Simpson taken to Indian Springs


O.J. Simpson was transferred Monday to a Nevada state prison to begin serving nine to 33 years for his felony convictions in a gunpoint confrontation with two sports memorabilia dealers, a state corrections official said.

Simpson, 61, arrived in custody without incident at High Desert State Prison in Indian Springs, Department of Corrections spokeswoman Suzanne Pardee said.

The all-male medium security prison, about 45 miles northwest of Las Vegas, has 3,000 beds and serves as the intake center for all new Southern Nevada prison inmates.

"It went as expected," said Simpson lawyer Yale Galanter, who said he knew Simpson had been scheduled to be moved sometime this week from the Clark County jail.

Simpson trial co-defendant Clarence "C.J." Stewart remained Monday at the Clark County Detention Center, jail records showed.

Stewart, 54, received 71/2 to 27 years when he and Simpson were sentenced Friday on 10 charges by Judge Jackie Glass in Las Vegas.

A Clark County District Court jury found the two men guilty Oct. 3 of 12 charges, including kidnapping, armed robbery, assault with a deadly weapon, burglary and conspiracy in the Sept. 13, 2007 episode. The judge dismissed two felony coercion charges at sentencing.

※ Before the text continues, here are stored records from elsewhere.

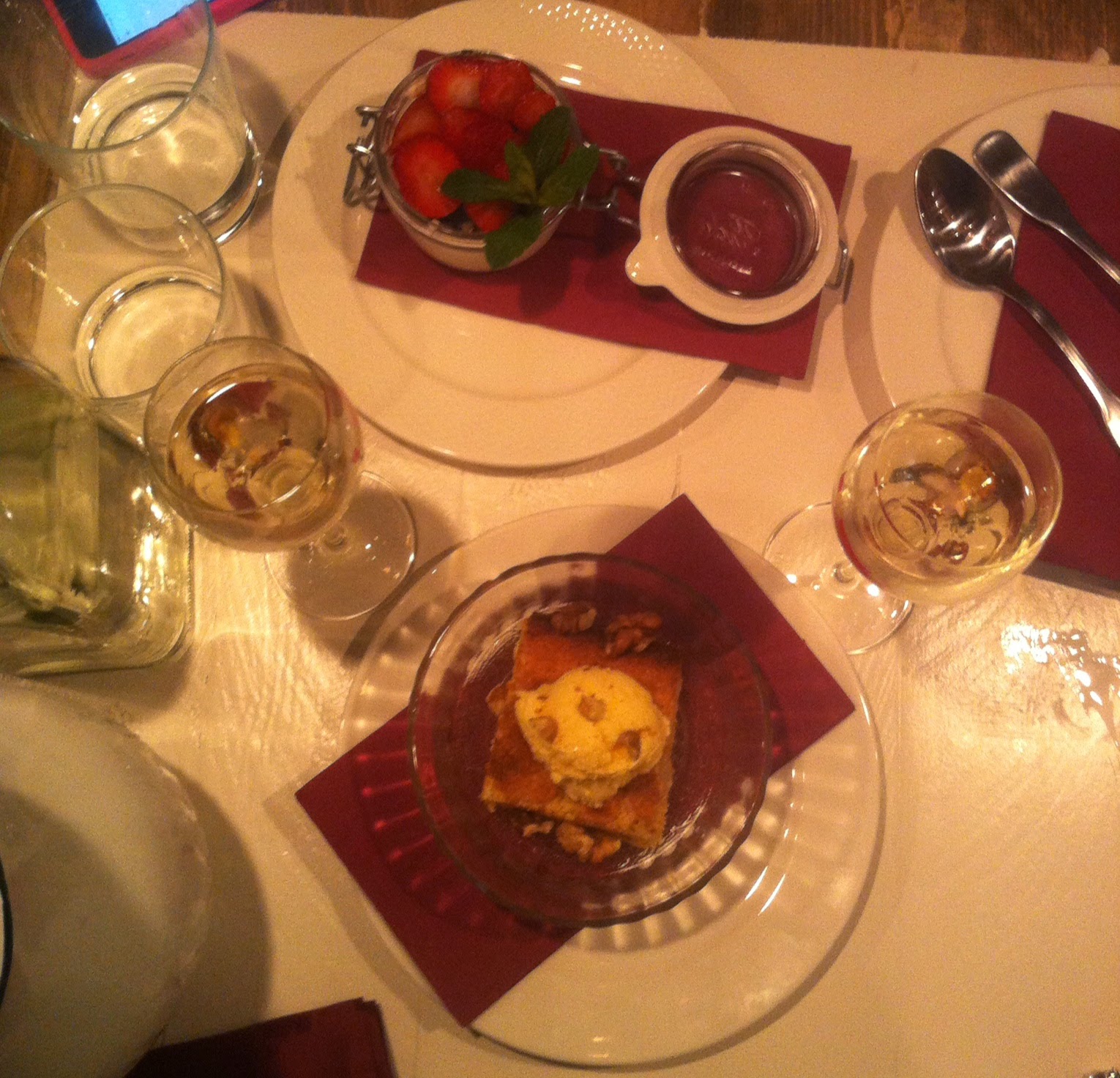 Y la sorpresa continuaba de la mano del postre. Brownie de chocolate blanco, con frutos secos, bien. Y una tarta de oreo, mascarpone y fresas, muy top también. La atención muy buena, rápidos menos para la cuenta. De precio en torno a 20€.
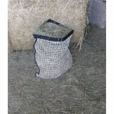 Filet à foin très pratique et facile à remplir grâce à sa fermeture par bande auto-agrippante renforcée.
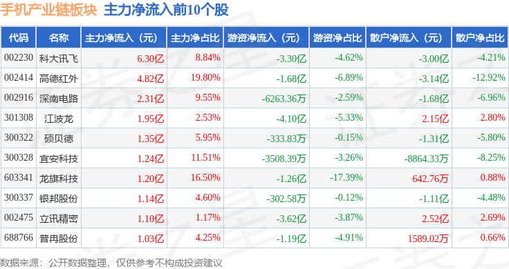 从资金流向上来看,当日手机产业链板块主力资金净流出3.3亿元,游资资金净流出21.63亿元,散户资金净流入24.93亿元。手机产业链板块个股资金流向见下表:
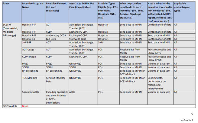 Michigan Multipayer Initiatives (MMI) has collaborated with each payer to create a table of HIE incentives so that providers, POs and systems have a clearer view of incentive programs and requirements. For many organizations, one payer offering an incentive may not warrant their interest, but when several do, it may well create a business case. The table will also contribute to the work of MDHHS’ Health Information Technology (HIT) Commission by creating a multipayer inventory as envisioned in the HIT Roadmap.
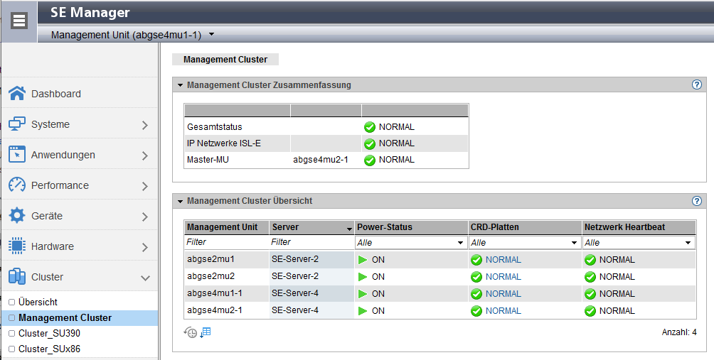 - Master-MU: Name der Management Unit, die im Management Cluster aktuell als -> Master-MU fungiert, und der Status der internen Ressourcen der Master-MU.
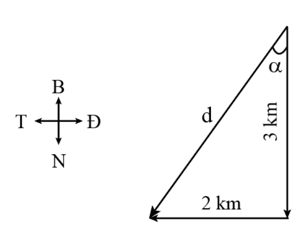 Độ dịch chuyển: d = d1 + d2 = 5 − 12 = − 7km đi theo hướng Nam.
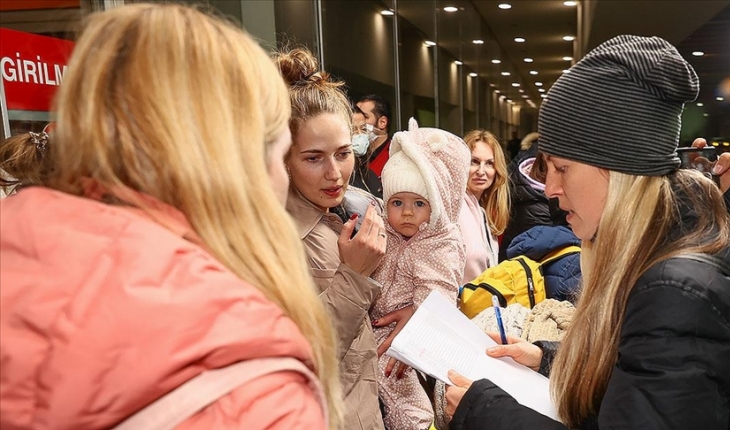 Rusya'nın ülkelerine saldırması sonrası evlerini terk edip Moldova'ya sığınan Ukraynalı kadın ve çocuklar, Kuşadası'na gitmek üzere uçakla İzmir'e geldi.
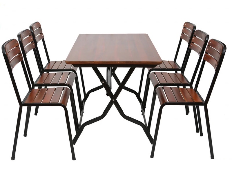 Bộ bàn ghế khung sắt mặt gỗ
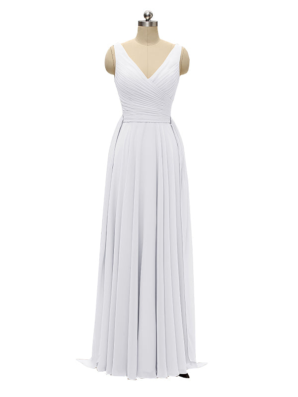 Unique A-line V Neck Chiffon Floor Length Bridesmaid Dresses - ChicSew – ChicSew
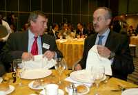 El economista en jefe del Banco Mundial, Francois Bourguignon, y el secretario de Hacienda, Francisco Gil Díaz, ayer en la comida con integrantes del organismo internacional en la ciudad de México
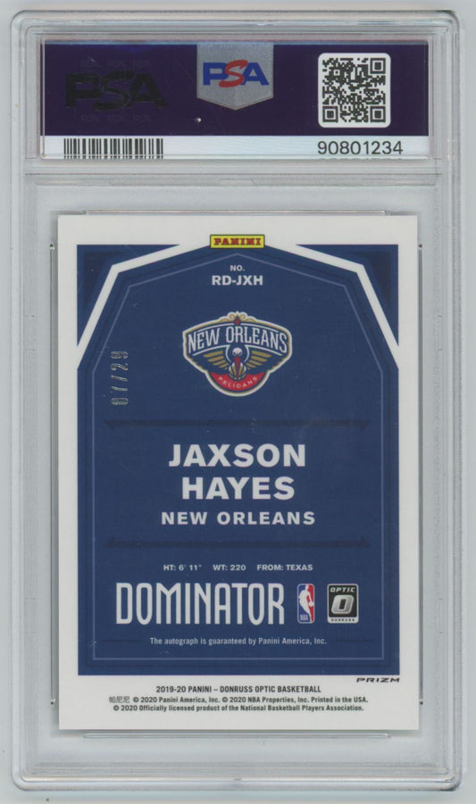 2019 Donruss Optic Jaxson Hayes Dominator Signatures Purple /29 - PSA 10

Simpson, Stewart and four former co-defendants were accused of robbing two memorabilia dealers at gunpoint in a cramped room at the Palace Station casino hotel.

Simpson insisted he only wanted to retrieve items that he said had been stolen from him in the years after he was acquitted of murder in the 1994 slayings of his ex-wife, Nicole Brown Simpson, and her friend, Ronald Goldman in Los Angeles.

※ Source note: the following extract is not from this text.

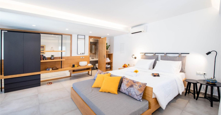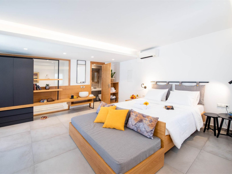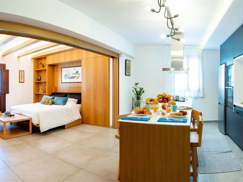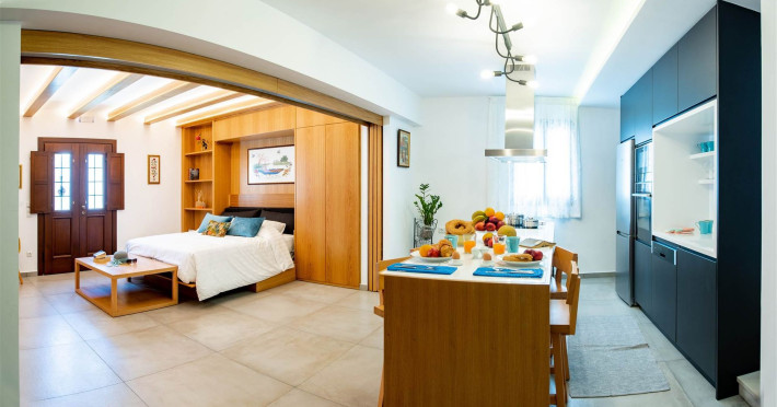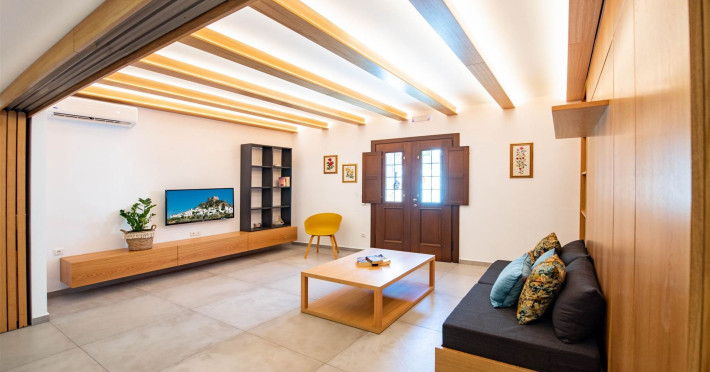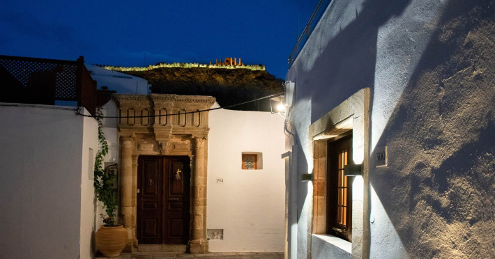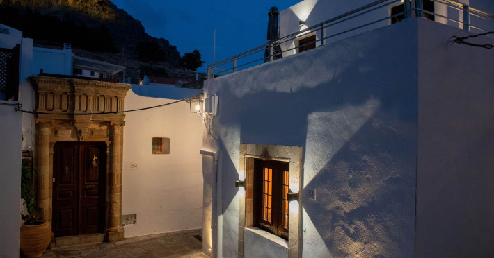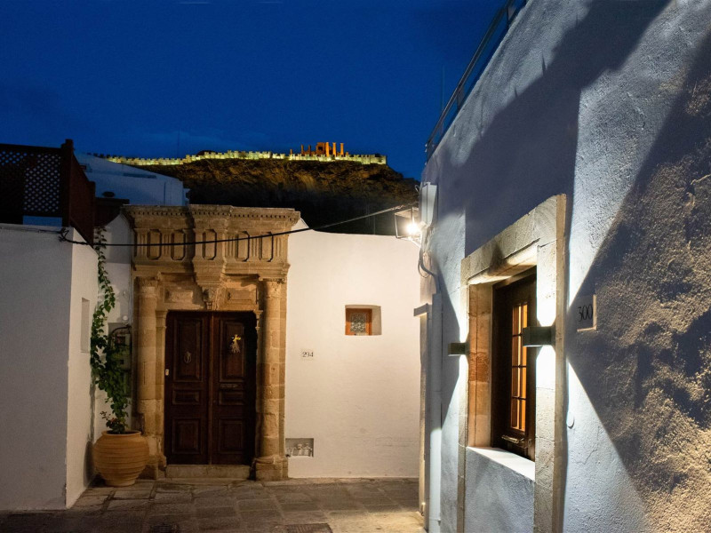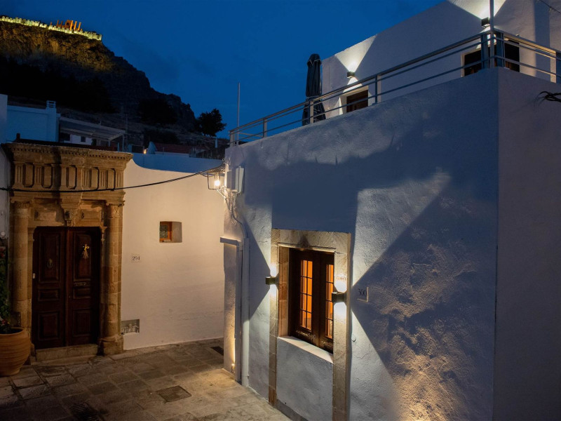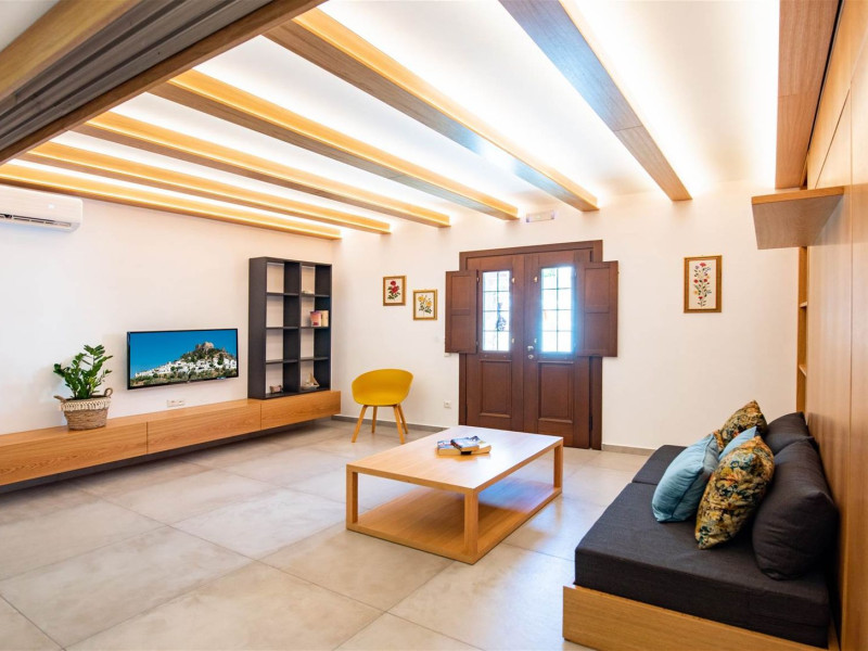 Located in the heart of 2500 year old Lindos village inLindos villa is a traditional yet modern two bedroom accommodation. The wooden furnishing gives cosiness while the brightness of the villa provides freshness. A two floor house with a sitting area/bedroom and the kitchen as well as the bathroom on the first floor and a bedroom with a bathroom on the second floor is perfect for up to four people. A balcony with a wonderful view of Lindos Acropolis adds to the charm of this accommodation. Surrounded by the bars, restaurants and shops this house is just 10 min walk from the St. Paul`s beach.The air-conditioned villa consists of 2 bedrooms, a living room, a fully equipped kitchen with a dishwasher and a kettle, and 2 bathrooms with a shower and a hairdryer. A flat-screen TV with satellite channels is provided.

The four co-defendants -- Michael McClinton, Walter Alexander, Charles Cashmore and Charles Ehrlich -- face sentencing this morning before Glass.

Each pleaded guilty to reduced felony charges and testified against Simpson and Stewart in return for a chance at probation instead of prison.

McClinton faces up to 11 years for robbery and conspiracy to commit robbery. Alexander faces up to six years for conspiracy to commit robbery, but received a promise that prosecutors would argue for a suspended sentence. Ehrlich faces up to five years for attempted burglary and attempted accessory to robbery. Cashmore faces up to five years for accessory to robbery.

State prisons chief Howard Skolnik has said Simpson and Stewart would spend their first 21 days in prison undergoing intake evaluations before they are assigned to a prison to serve their sentences.

For those three weeks, the daily routine is mostly boredom, Skolnik said. Inmates are allowed five hours a day outside their cells, and no mail or parcel deliveries. Only their lawyers may visit.

At the Clark County jail, Simpson made friends with other inmates and used money in his commissary account to buy them snacks, Simpson lawyer Gabriel Grasso said.

In a recent interview, Stewart said he had been mentoring younger county jail inmates.